*** Block opens ***

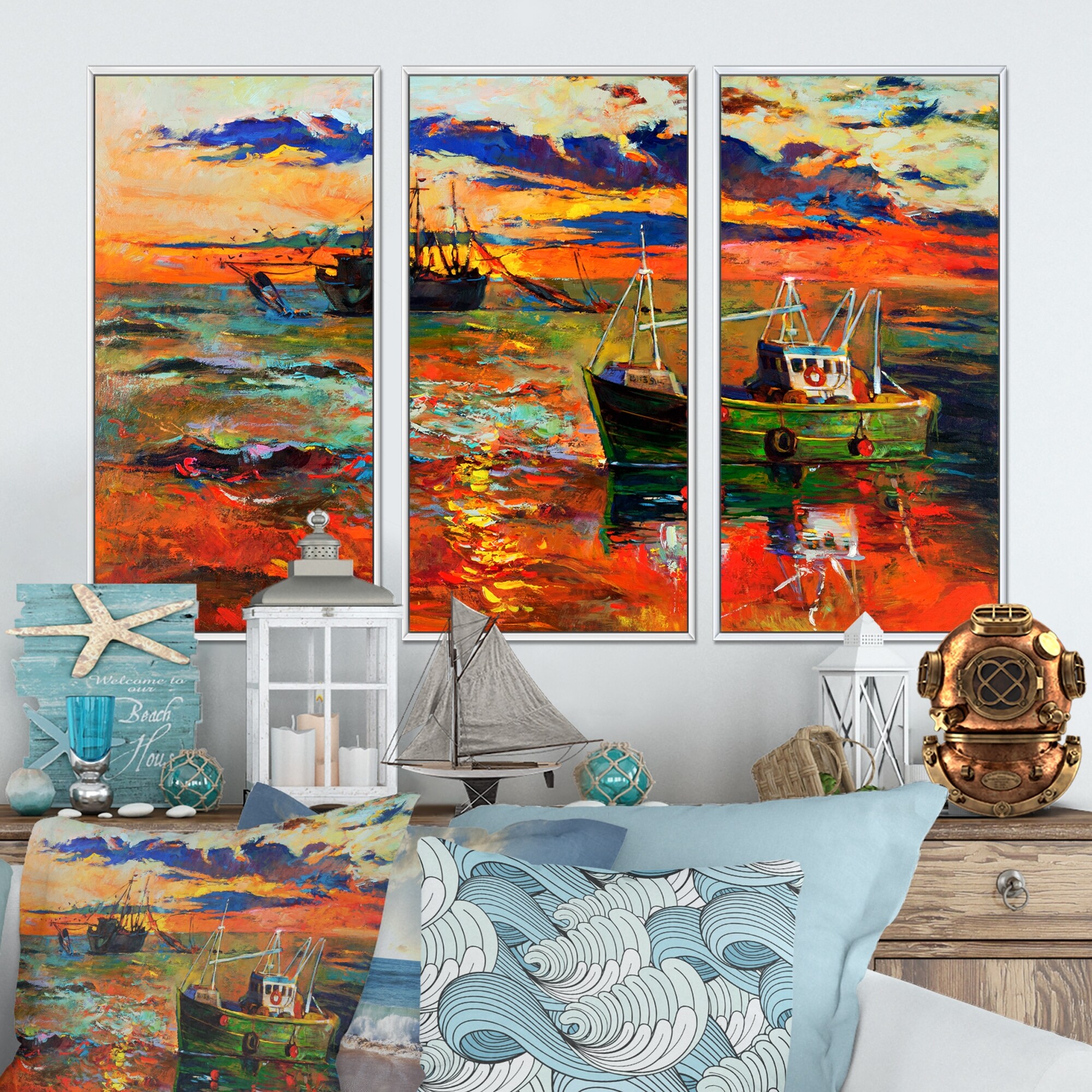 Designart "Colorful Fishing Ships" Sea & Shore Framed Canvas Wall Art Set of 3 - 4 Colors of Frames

*** Block closes ***
*** Block opens ***

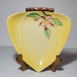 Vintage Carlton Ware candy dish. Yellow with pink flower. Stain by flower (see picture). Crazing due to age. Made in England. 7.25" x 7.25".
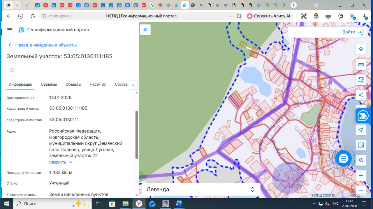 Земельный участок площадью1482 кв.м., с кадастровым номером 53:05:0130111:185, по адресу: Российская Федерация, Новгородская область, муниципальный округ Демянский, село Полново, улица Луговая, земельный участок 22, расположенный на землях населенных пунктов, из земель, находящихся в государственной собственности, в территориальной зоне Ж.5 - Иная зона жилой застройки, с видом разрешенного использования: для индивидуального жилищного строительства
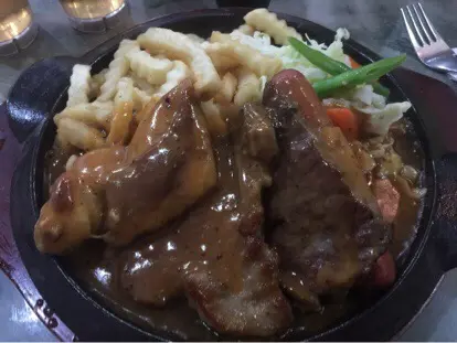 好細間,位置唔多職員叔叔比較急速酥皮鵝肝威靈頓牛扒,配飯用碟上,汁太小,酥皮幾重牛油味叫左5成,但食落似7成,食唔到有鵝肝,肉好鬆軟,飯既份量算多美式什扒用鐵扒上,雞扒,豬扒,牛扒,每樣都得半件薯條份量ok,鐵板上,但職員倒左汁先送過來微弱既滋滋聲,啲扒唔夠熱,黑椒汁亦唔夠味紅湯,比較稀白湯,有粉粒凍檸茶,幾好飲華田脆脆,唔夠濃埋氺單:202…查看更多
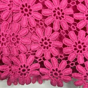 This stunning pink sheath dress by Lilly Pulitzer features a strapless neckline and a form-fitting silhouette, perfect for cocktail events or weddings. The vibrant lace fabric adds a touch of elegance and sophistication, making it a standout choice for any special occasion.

*** Block closes ***
*** Block opens ***

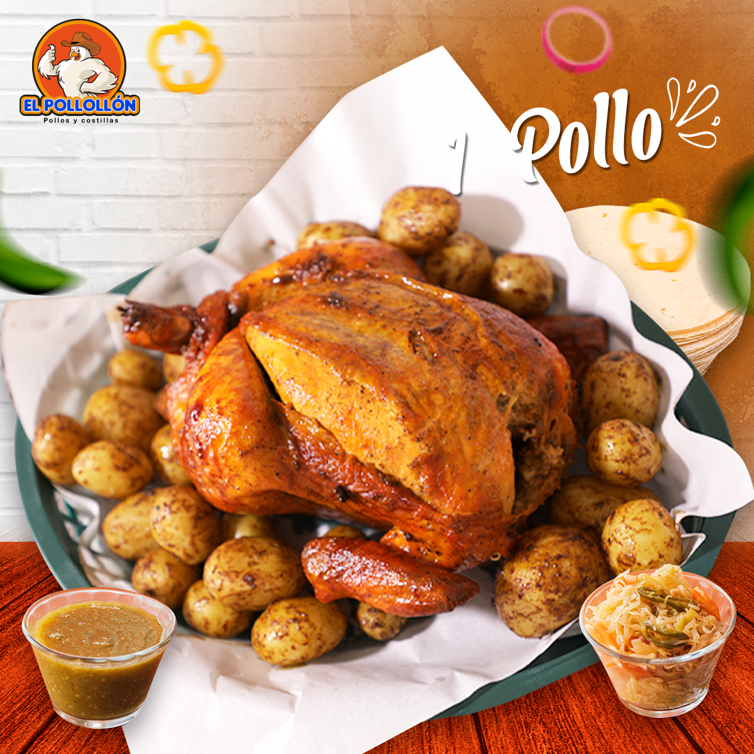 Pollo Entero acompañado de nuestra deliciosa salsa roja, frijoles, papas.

*** Block closes ***

[Exercise description] Return the lines above from the one with "Vintage Carlton Ware" through the one with "Земельный участок площадью1482", verbatim and nothing else. Omit every picture.

[Response box]
 Vintage Carlton Ware candy dish. Yellow with pink flower. Stain by flower (see picture). Crazing due to age. Made in England. 7.25" x 7.25".
 Земельный участок площадью1482 кв.м., с кадастровым номером 53:05:0130111:185, по адресу: Российская Федерация, Новгородская область, муниципальный округ Демянский, село Полново, улица Луговая, земельный участок 22, расположенный на землях населенных пунктов, из земель, находящихся в государственной собственности, в территориальной зоне Ж.5 - Иная зона жилой застройки, с видом разрешенного использования: для индивидуального жилищного строительства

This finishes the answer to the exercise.